Nach dem Studium der Architektur am Stuttgarter Polytechnikum legte der Sohn eines Notars 1875 die Staatsprüfung ab. 1877/78 bereiste Bischoff Italien, sicherlich auf Rat seines ehemaligen Lehrers Adolf Gnauth, der sich in den 1860er-Jahren eingehend mit der italienischen Renaissance befasst hatte. Nach seiner Rückkehr wurde Bischoff Assistent bei Gnauth, der 1877 Direktor der Nürnberger Kunstgewerbeschule geworden war. Von 1880 bis zu Gnauths Tod im November 1884 unterrichtete er an der Schule Momentzeichnen, Architektur- und Figurenzeichnen nach Gips. Von 1885 bis 1888 bereiste er mehrere europäische Länder und versuchte sich als Architekt in Stuttgart.
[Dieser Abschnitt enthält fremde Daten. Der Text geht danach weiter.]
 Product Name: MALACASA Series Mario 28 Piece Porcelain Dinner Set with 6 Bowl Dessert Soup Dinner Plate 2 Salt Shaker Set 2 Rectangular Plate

Zum 1. Oktober 1888 wurde Bischoff als Lehrer für Architektur an die Großherzoglich Badische Kunstgewerbeschule in Karlsruhe berufen und ihm zugleich der Titel eines Professors verliehen. Er übernahm die Kurse für architektonisches und kunstgewerbliches Entwerfen in Holz, Stein und Metall. Als die Lehranstalt auf der Weltausstellung in Chicago 1893 eine Schulausstellung mit rund 600 Schülerarbeiten präsentierte, wurde Bischoff als Lehrer der Anstalt ins Preisgericht für die Weltausstellung nach Chicago berufen.
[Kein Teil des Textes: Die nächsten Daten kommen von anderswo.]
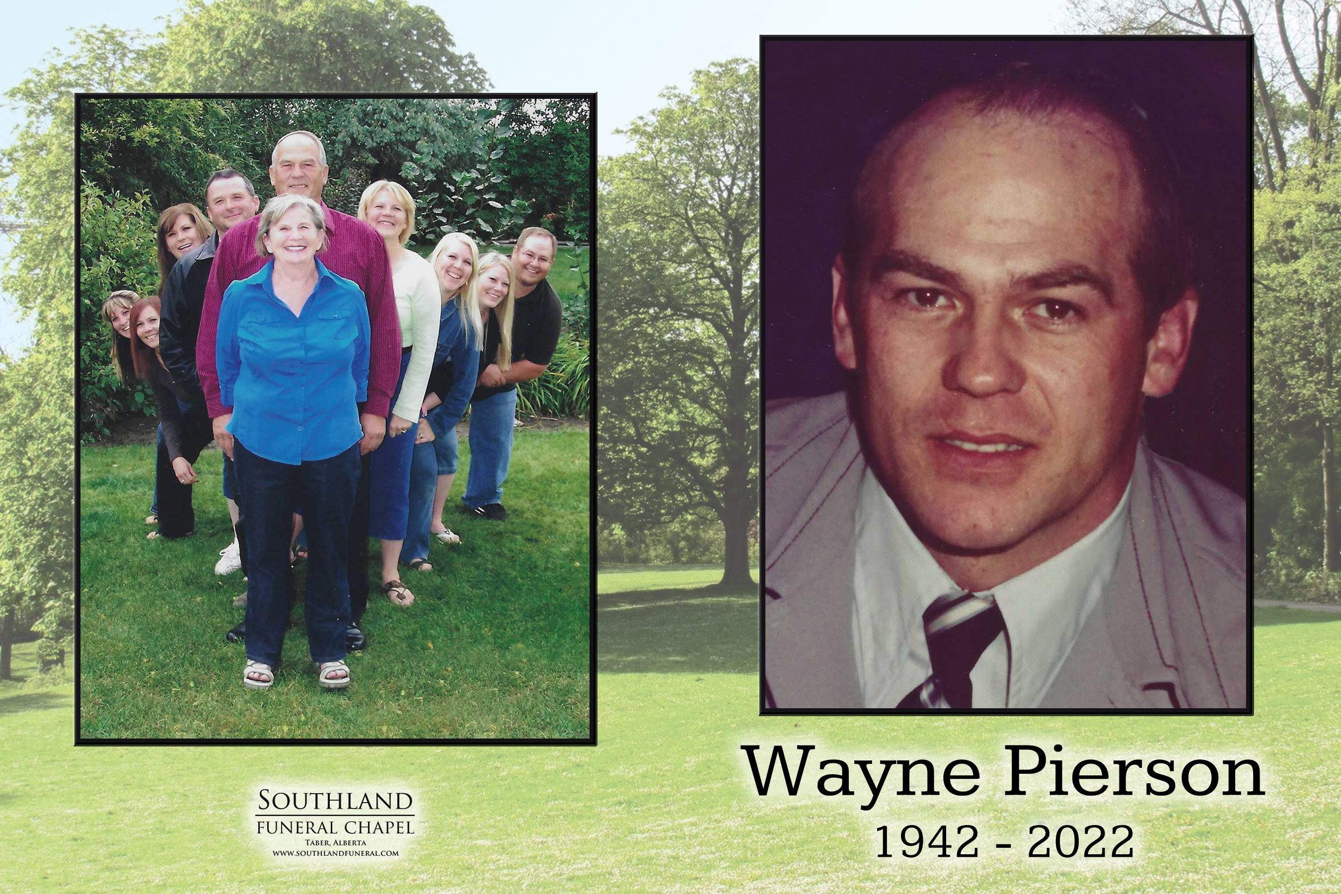 Wayne was born on March 8, 1942 to Clifford and Viola Pierson. He was the fifth of seven children. Wayne married the love of his life Joan April Evanson on September 5, 1960. Together they raised eight children, Dan (Jackie) Pierson, Wendy (Lyndon) Layton, Sheila (Luke) Girouard, Marnie (Garth) Mouland, Kordi (Brad) Gal, Karrie (Mike) O’Brien, Nicole Pierson and Jared (Berry Ann) Pierson.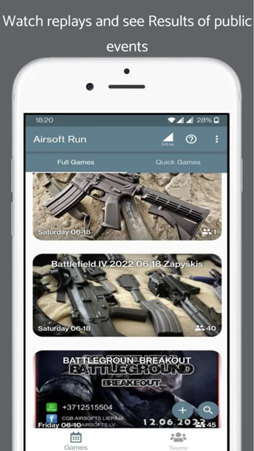 This application is suited for the use of Airsoft run event players and Admins, if you are an event manager and would like to host an Airsoft event, please visit our website and create an event in the event host panel

Neben seiner Lehrtätigkeit begann er sich auch als Architekt in Karlsruhe zu etablieren. 1896 entwarf er für die Karlsruher Ortsgruppe des Schwarzwaldvereins den 26 Meter hohen Mahlbergturm, der noch heute in veränderter Form besteht. Seine umfangreichsten Bauprojekte erhielt er aber als Architekt des 1897 gegründeten Mieter- und Bauvereins. Bischoff war als Gründungsmitglied am 27. März 1897 zugleich in den Aufsichtsrat und am 7. Dezember des Jahres zum bauleitenden Architekten gewählt worden. Das erste Genossenschaftsprojekt nach seinen Plänen entstand von 1898 bis 1900 an der östlichen Peripherie der Stadt und umfasste zehn Gebäudeblöcke mit insgesamt 162 Wohnungen (Augartenstraße 93, Rankestraße 22-24, Scherrstraße 13-23, Sybelstraße 12-18, Gervinusstraße 1-10). Auch die 1902 übereck errichtete Wohnhausgruppe Boeckhstraße 19-21 / Klauprechtstraße 40-42 entstand nach seinen Plänen für den Mieter- und Bauverein. Das 1903 erbaute Doppelhaus in der Moltkestraße 39/41 dagegen entwarf er für sich und Stadtrat Heinrich Eitel.

Nachdem Emil Brannath 1903 leitender Architekt der gemeinnützigen Baugenossenschaft geworden war, lassen sich in Karlsruhe kaum mehr Bauprojekte Bischoffs nachweisen. 1906 erhielt er das Ritterkreuz 1. Klasse des Ordens vom Zähringer Löwen. Sein schlechter Gesundheitszustand zwang ihn zum 1. Januar 1914 seine Lehrtätigkeit aufzugeben. In Anerkennung seiner Verdienste wurde ihm der Titel eines Baurats verliehen.

Katja Förster 2020

Werk

Die Festdekoration in Wort und Bild, hrsg. von Eugen Bischoff, Franz Sales Meyer, Leipzig 1897.

Literatur

Bischoff, Eugen, Architekt, in: Nürnberger Künstlerlexikon. Bildende Künstler, Kunsthandwerker, Gelehrte, Sammler, Kulturschaffende und Mäzene vom 12. bis zur Mitte des 20. Jahrhunderts, hrsg. von Manfred H. Grieb unter Mitarb. zahlr. Fachgelehrten, München 2007, Bd. 1, S. 141; Brigitte Baumstark: Die grossherzoglich badische Kunstgewerbeschule in Karlsruhe. 1878-1920, Diss. Univ. Karlsruhe, 1988; Festschrift zum 30jährigen Bestehen des Mieter- und Bauvereins Karlsruhe eGmbH in Karlsruhe 1897-1927, hrsg. vom geschäftsführenden Vorstand, Karlsruhe 1927; Eugen Bischoff: Karlsruher Genossenschaftsbauten, in: Deutsche Bauzeitung, 34. Jg., Nr. 21, Berlin, 14. März 1900, S. 129 f.